** Assignment **
I need the lines from the one holding "Next up we have" to the last line of the data below repeated exactly, both included, without pictures.

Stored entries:
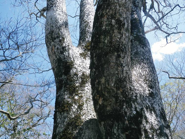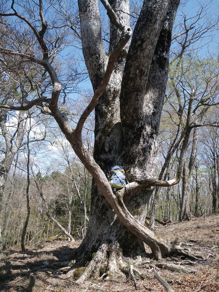 そうこうするうち、巨木の森に吸い込まれた。予想もしなかったブナの原生林に心が躍る。ことに1363ピークに至るブナ林は白眉だ。一見して大人三人抱えほどの大木もある。
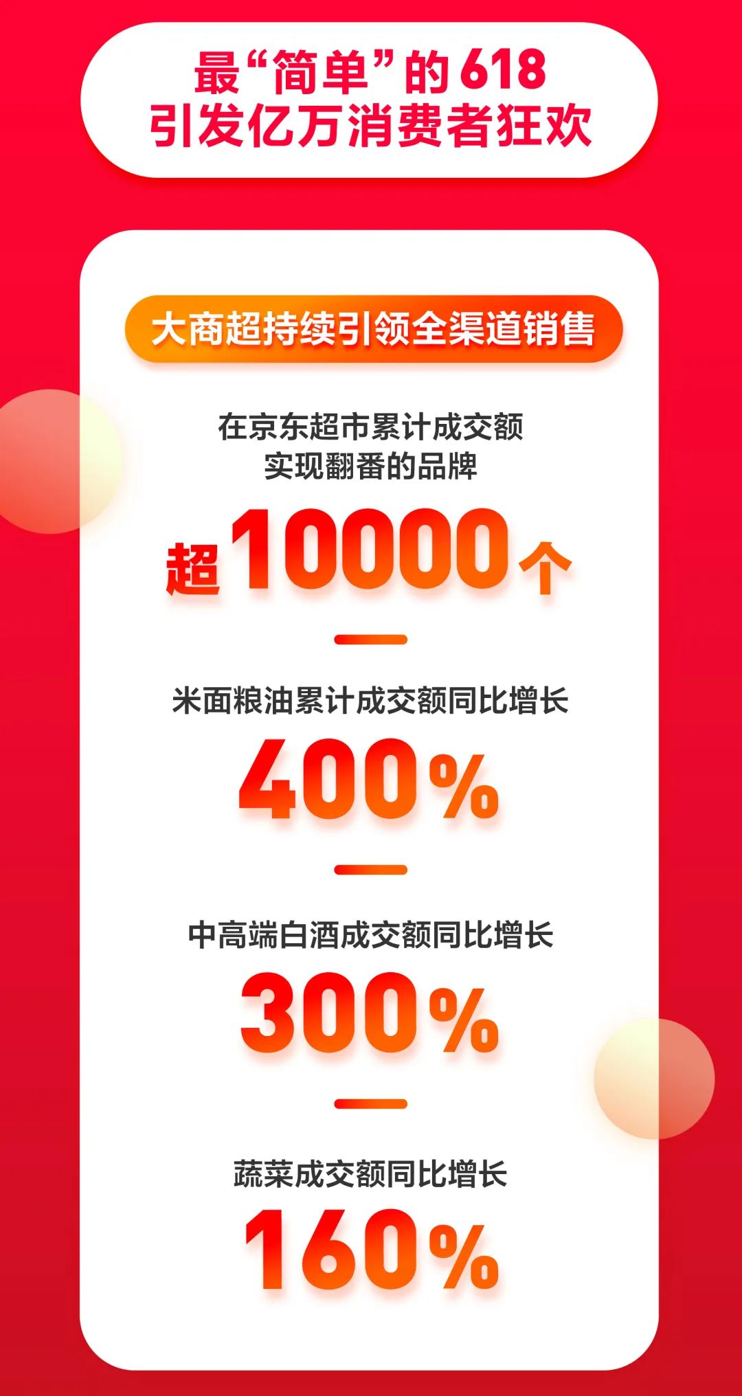 618期间,消费者的米袋子、菜篮子都装得满满当当。京东大商超米面粮油累计成交额同比增长400%,速食方便面类成交额同比增长320%,牛奶累计成交额同比增长360%。中高端白酒成交额是去年同期的4倍,宠物累计成交额同比增长110%,裤型卫生巾成交额同比增长234%,洗手液累计成交额同比增长130%。
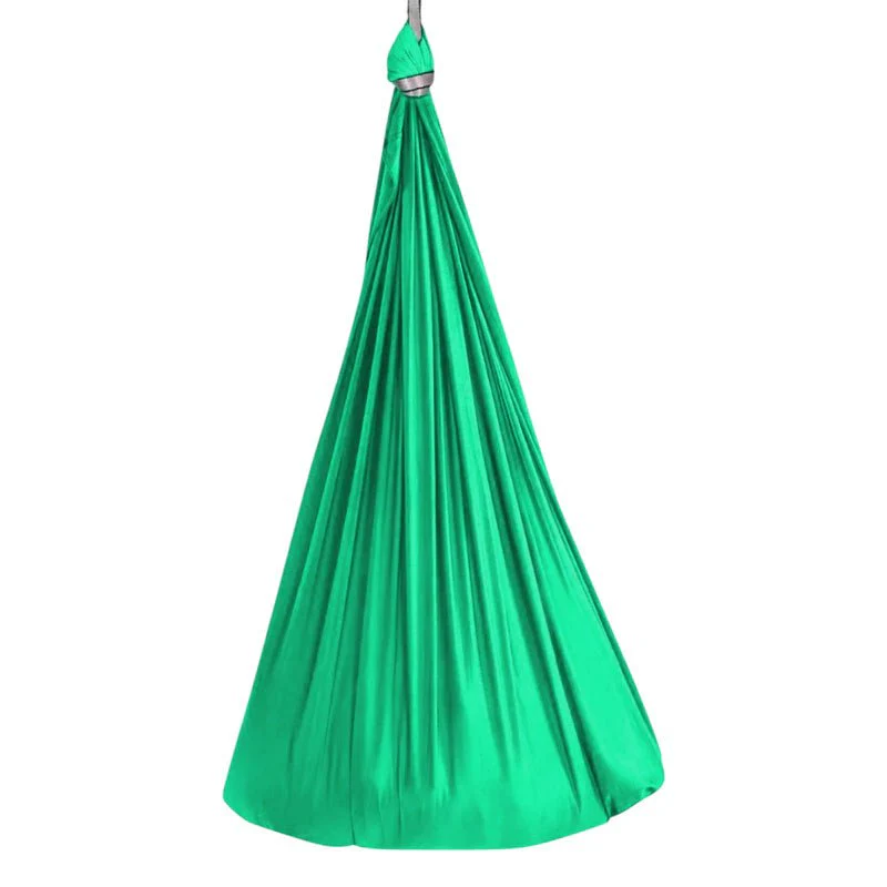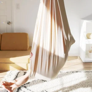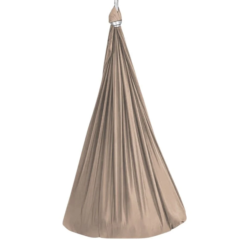 Made from a tightly woven blend of spandex and nylon, the fabric rebounds softly without sagging over time. Reinforced by triple-stitched seams, the hammock resists tearing even after repeated twisting and spinning. To maximize versatility, a 360-degree swivel connector has been included for full-range rotation without tangling. Designed to hold up to 200 lbs, its dense threading ensures full-body support. The hammock adjusts easily using a daisy chain system that adapts to different ceiling heights. At rest, the fabric compresses gently around the body, maintaining shape without rigid edges.
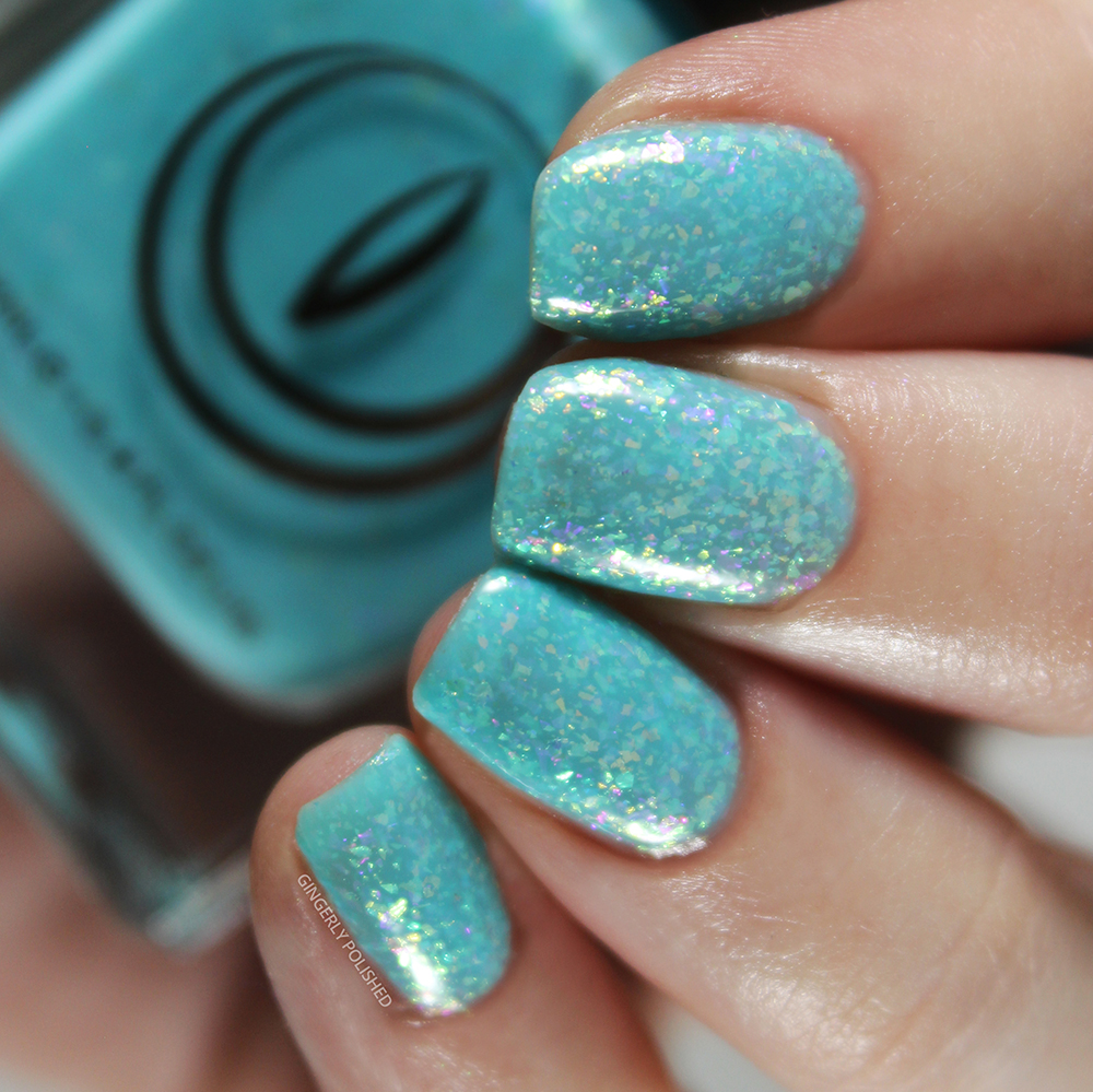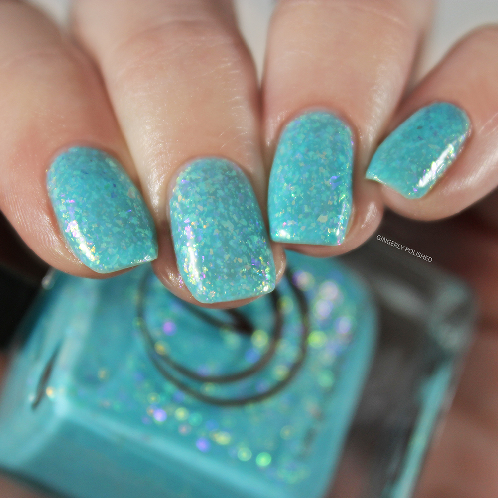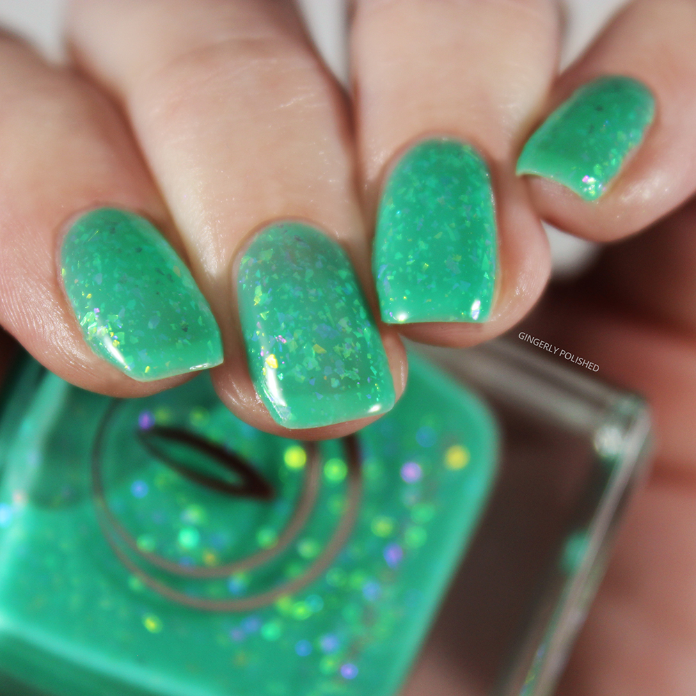 Next up we have ‘Lava Lamp’. This is my favorite type of color, with a base of gorgeous turquoise green. And of course, with those iridescent flakes floating all throughout.
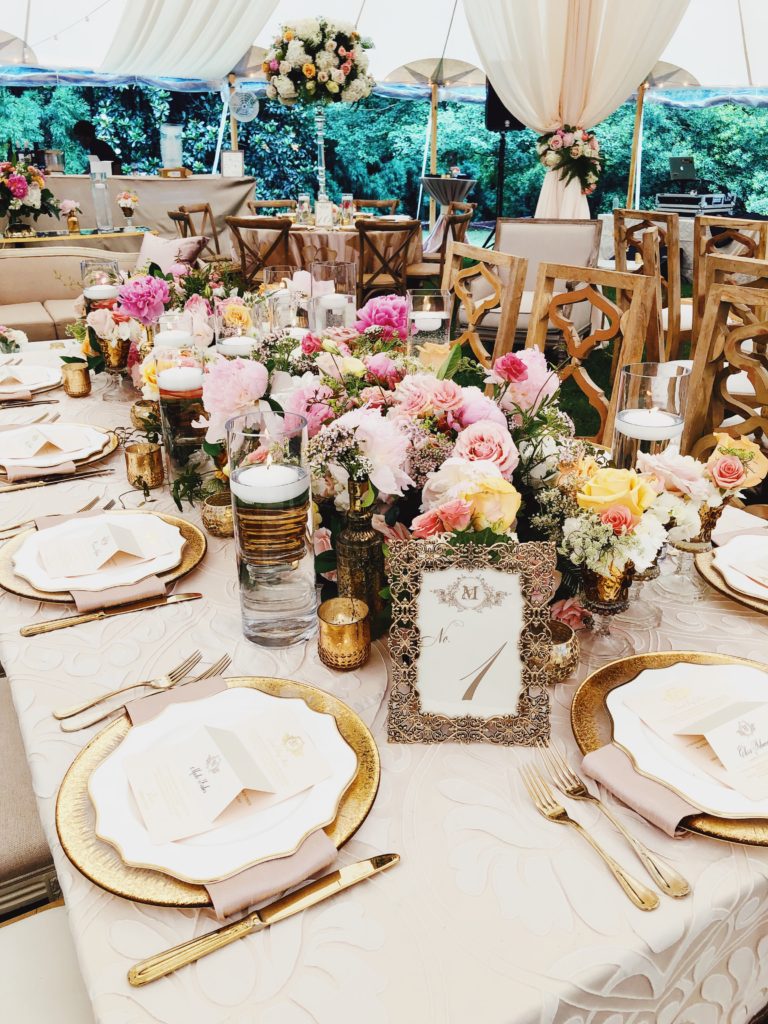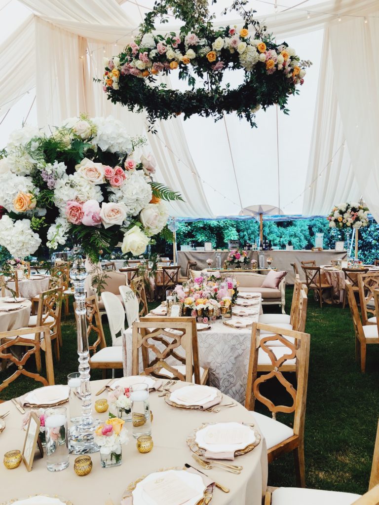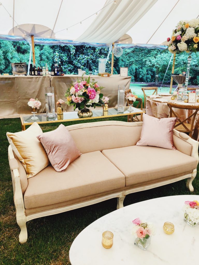 With a stellar team of vendors, we were able to take this empty back yard and make it into the reception tent of dreams!
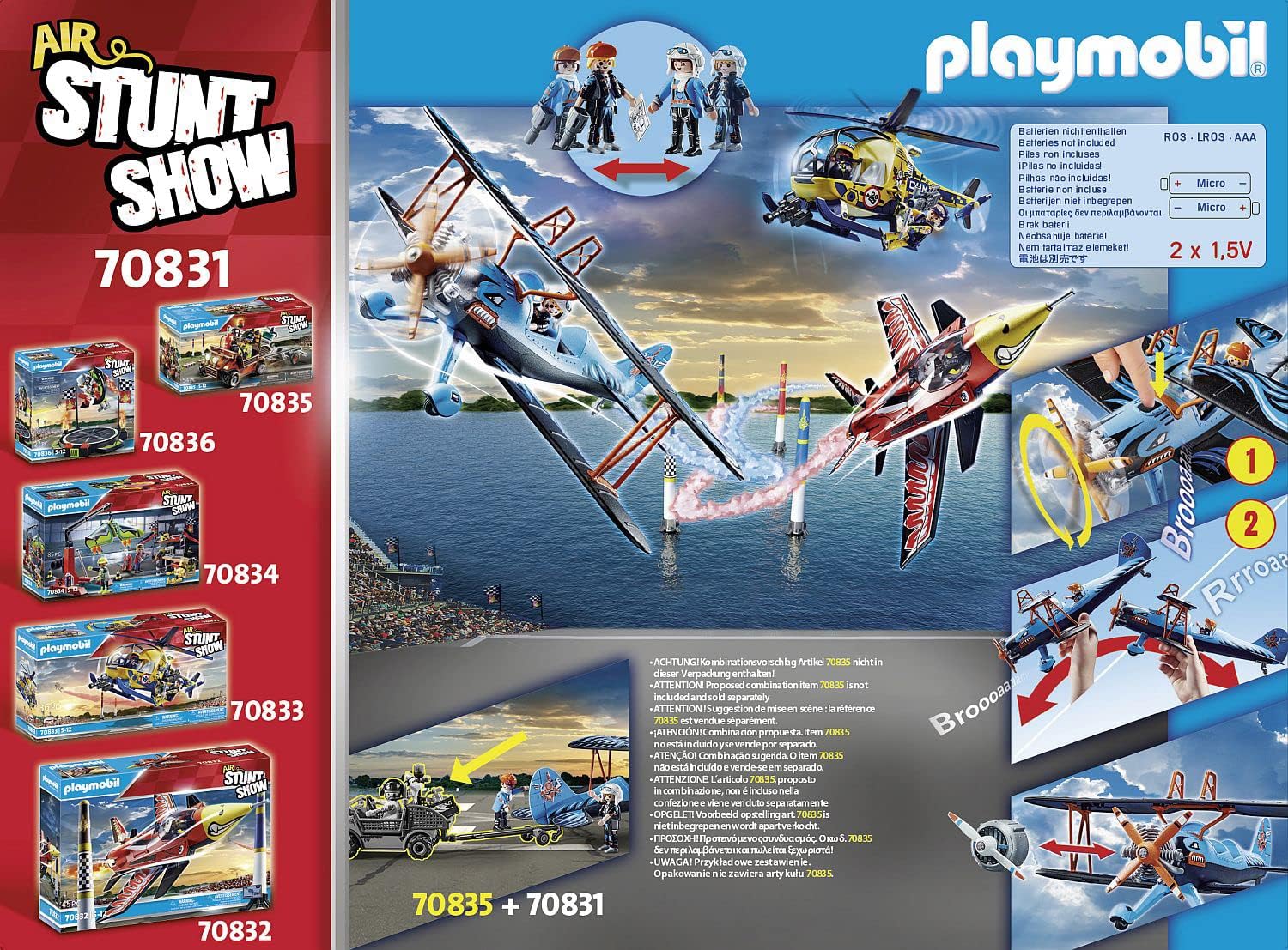 The aerobatics course requires the utmost precision. To successfully complete the course, the PLAYMOBIL pilot must fly the Phoenix biplane around the pylons without touching the obstacles. Meanwhile, the brave PLAYMOBIL stuntman skillfully climbs onto the roof of the plane. With the engine humming loudly and the propeller spinning, the audience looks up into the air with bated breath. Will he manage to pull off the stunt?

** Exercise answer **
 Next up we have ‘Lava Lamp’. This is my favorite type of color, with a base of gorgeous turquoise green. And of course, with those iridescent flakes floating all throughout.
 With a stellar team of vendors, we were able to take this empty back yard and make it into the reception tent of dreams!
 The aerobatics course requires the utmost precision. To successfully complete the course, the PLAYMOBIL pilot must fly the Phoenix biplane around the pylons without touching the obstacles. Meanwhile, the brave PLAYMOBIL stuntman skillfully climbs onto the roof of the plane. With the engine humming loudly and the propeller spinning, the audience looks up into the air with bated breath. Will he manage to pull off the stunt?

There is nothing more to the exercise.